**Records provided:**
Start of Block
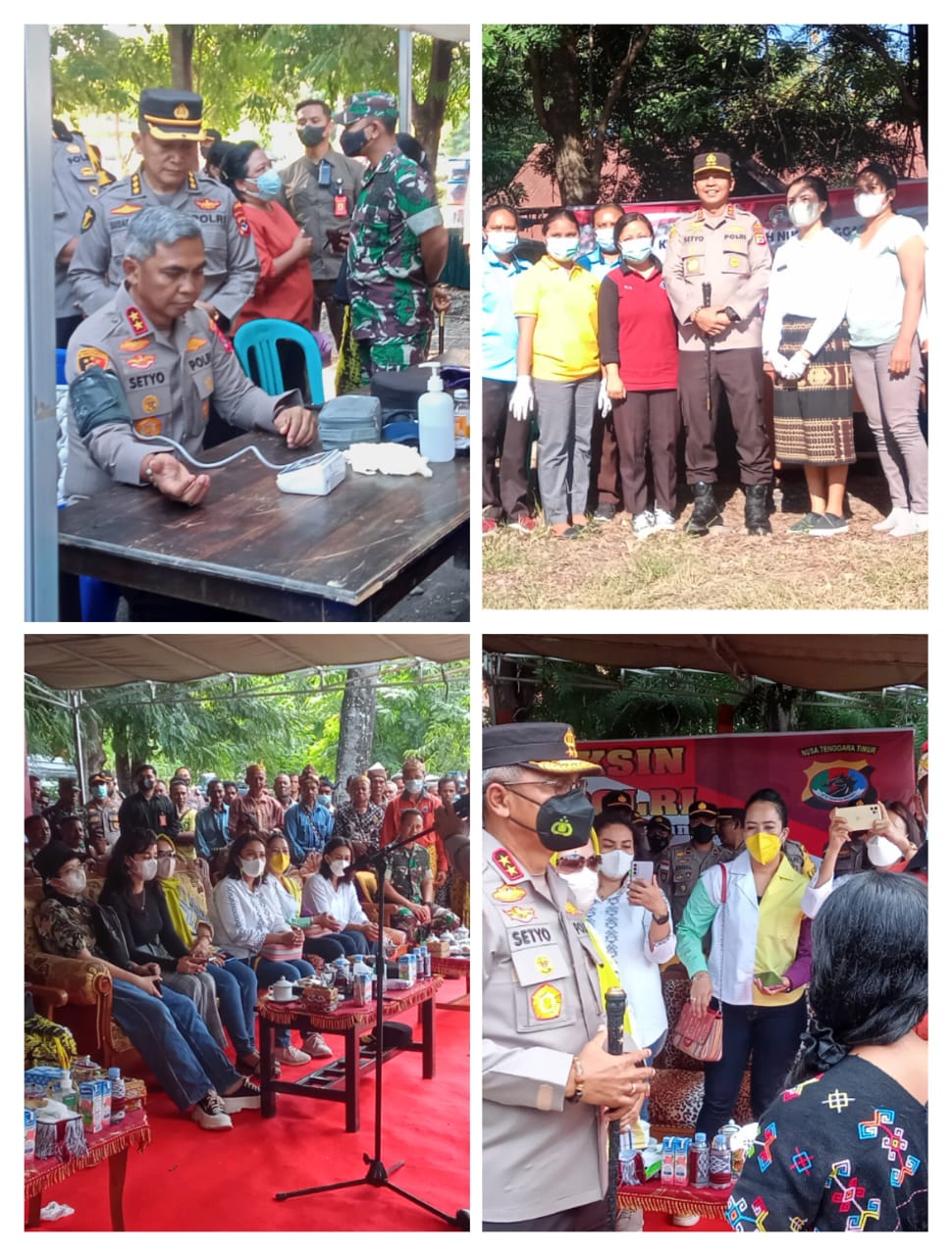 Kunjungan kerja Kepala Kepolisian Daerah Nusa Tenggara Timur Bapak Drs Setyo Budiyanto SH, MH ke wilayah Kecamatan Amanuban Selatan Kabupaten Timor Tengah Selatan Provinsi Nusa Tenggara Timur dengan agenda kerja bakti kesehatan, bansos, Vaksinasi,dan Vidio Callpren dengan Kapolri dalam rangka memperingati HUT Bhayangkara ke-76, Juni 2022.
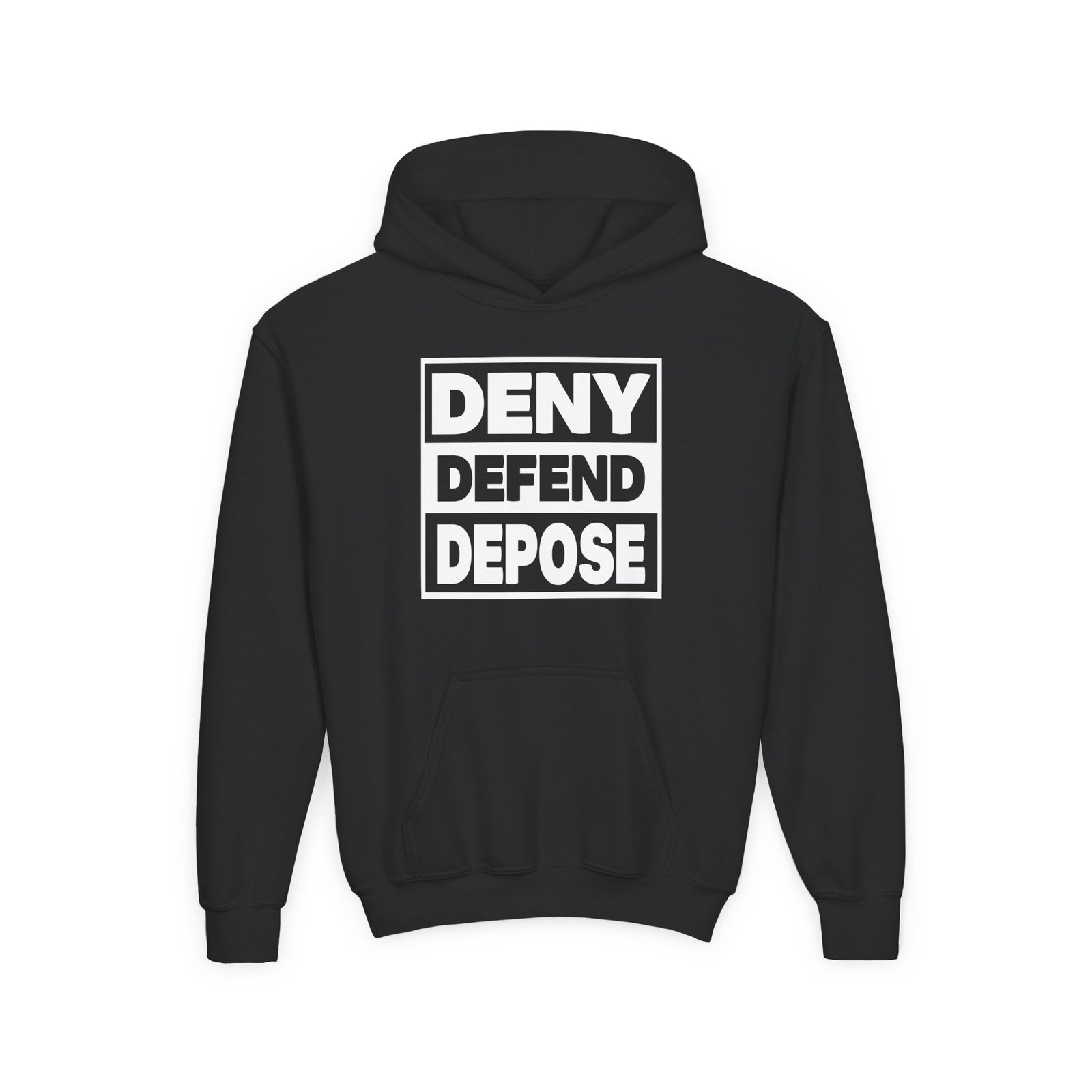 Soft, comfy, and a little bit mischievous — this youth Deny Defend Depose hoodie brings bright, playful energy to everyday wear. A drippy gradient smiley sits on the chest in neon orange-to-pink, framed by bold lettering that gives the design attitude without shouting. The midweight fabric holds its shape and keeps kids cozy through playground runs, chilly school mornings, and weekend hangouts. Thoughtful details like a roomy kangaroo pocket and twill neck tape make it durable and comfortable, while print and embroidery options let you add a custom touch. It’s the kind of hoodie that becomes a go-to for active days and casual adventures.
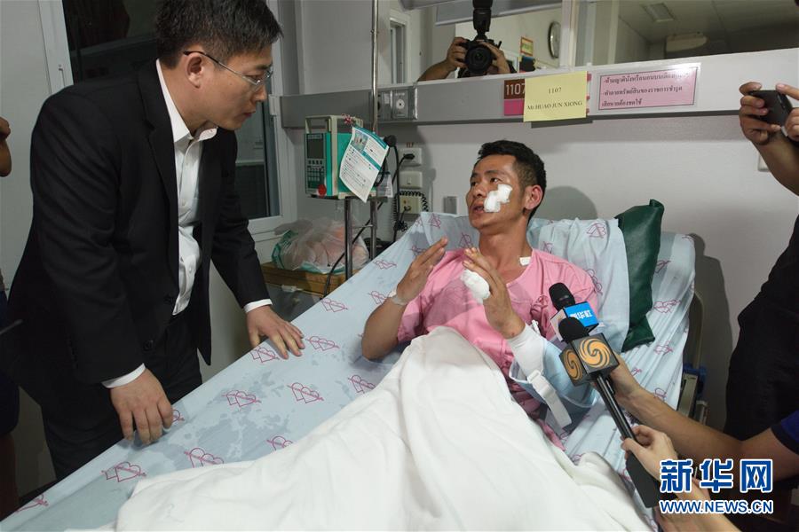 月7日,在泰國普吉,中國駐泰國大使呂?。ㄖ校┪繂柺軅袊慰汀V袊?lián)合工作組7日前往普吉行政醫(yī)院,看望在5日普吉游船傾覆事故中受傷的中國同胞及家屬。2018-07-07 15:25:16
End of Block
Start of Block
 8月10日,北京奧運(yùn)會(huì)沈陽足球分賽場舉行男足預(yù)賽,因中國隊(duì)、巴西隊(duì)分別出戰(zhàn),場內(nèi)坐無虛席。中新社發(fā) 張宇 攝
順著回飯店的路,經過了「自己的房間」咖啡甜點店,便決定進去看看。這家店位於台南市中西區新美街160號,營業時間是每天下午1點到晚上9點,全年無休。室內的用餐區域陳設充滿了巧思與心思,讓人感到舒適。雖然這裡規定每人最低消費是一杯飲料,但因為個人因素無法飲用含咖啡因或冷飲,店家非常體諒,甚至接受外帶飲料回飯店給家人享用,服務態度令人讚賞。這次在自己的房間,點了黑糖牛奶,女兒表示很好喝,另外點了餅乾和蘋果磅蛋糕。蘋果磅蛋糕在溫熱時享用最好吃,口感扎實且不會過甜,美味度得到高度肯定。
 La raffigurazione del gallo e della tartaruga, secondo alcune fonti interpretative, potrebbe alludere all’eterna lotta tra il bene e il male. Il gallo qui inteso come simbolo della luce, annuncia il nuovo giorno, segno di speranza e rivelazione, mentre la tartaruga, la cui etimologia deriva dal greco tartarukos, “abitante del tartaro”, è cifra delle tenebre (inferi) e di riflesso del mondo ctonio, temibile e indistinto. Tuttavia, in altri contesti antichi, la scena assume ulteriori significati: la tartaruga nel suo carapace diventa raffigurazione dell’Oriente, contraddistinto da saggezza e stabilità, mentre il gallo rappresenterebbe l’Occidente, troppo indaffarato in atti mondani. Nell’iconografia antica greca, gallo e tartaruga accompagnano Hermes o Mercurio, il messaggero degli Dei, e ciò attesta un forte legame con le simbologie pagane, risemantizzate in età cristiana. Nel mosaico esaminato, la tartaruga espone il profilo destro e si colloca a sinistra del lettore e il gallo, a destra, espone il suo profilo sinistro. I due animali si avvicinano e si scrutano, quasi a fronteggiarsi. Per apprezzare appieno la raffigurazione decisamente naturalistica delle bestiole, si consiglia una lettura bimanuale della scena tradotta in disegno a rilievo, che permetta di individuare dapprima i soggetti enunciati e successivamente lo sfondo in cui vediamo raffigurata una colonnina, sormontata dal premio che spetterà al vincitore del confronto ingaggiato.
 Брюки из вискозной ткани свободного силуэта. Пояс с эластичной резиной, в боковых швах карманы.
End of Block
Start of Block
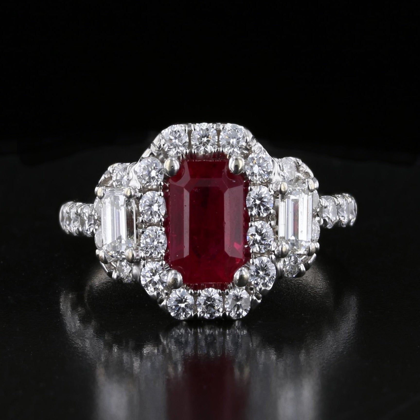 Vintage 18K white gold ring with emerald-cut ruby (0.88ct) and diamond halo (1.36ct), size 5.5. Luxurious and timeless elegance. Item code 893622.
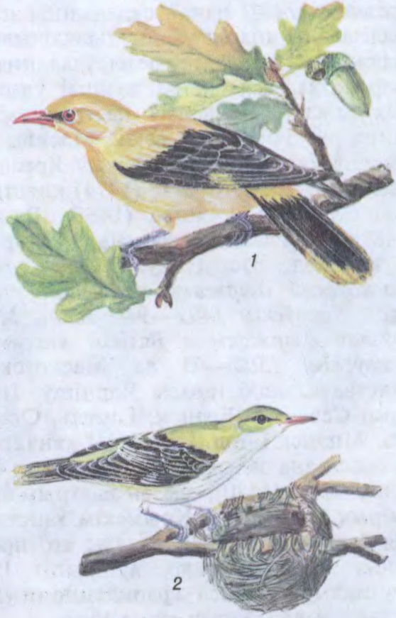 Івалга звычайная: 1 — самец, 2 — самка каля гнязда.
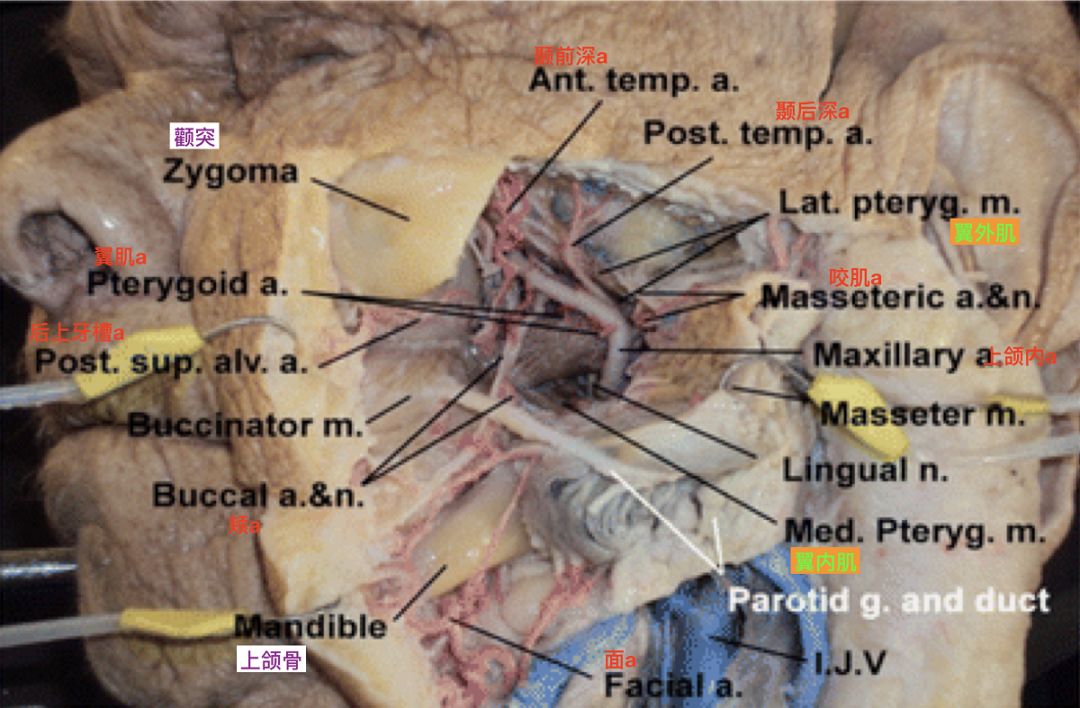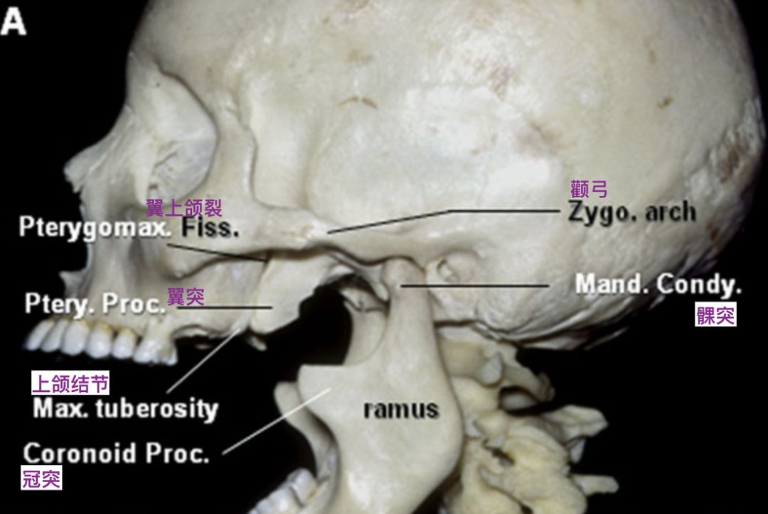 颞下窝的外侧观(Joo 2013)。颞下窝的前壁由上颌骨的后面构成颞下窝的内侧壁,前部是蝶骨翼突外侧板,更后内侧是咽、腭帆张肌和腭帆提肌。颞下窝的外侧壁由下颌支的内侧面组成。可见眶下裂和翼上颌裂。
End of Block
**Exercise description:**
In the listing above, find the line containing "Івалга звычайная: 1" and the line containing "颞下窝的外侧观(Joo 20". Print those two lines and every line between them exactly, with no pictures.

**Finished task:**
 Івалга звычайная: 1 — самец, 2 — самка каля гнязда.
 颞下窝的外侧观(Joo 2013)。颞下窝的前壁由上颌骨的后面构成颞下窝的内侧壁,前部是蝶骨翼突外侧板,更后内侧是咽、腭帆张肌和腭帆提肌。颞下窝的外侧壁由下颌支的内侧面组成。可见眶下裂和翼上颌裂。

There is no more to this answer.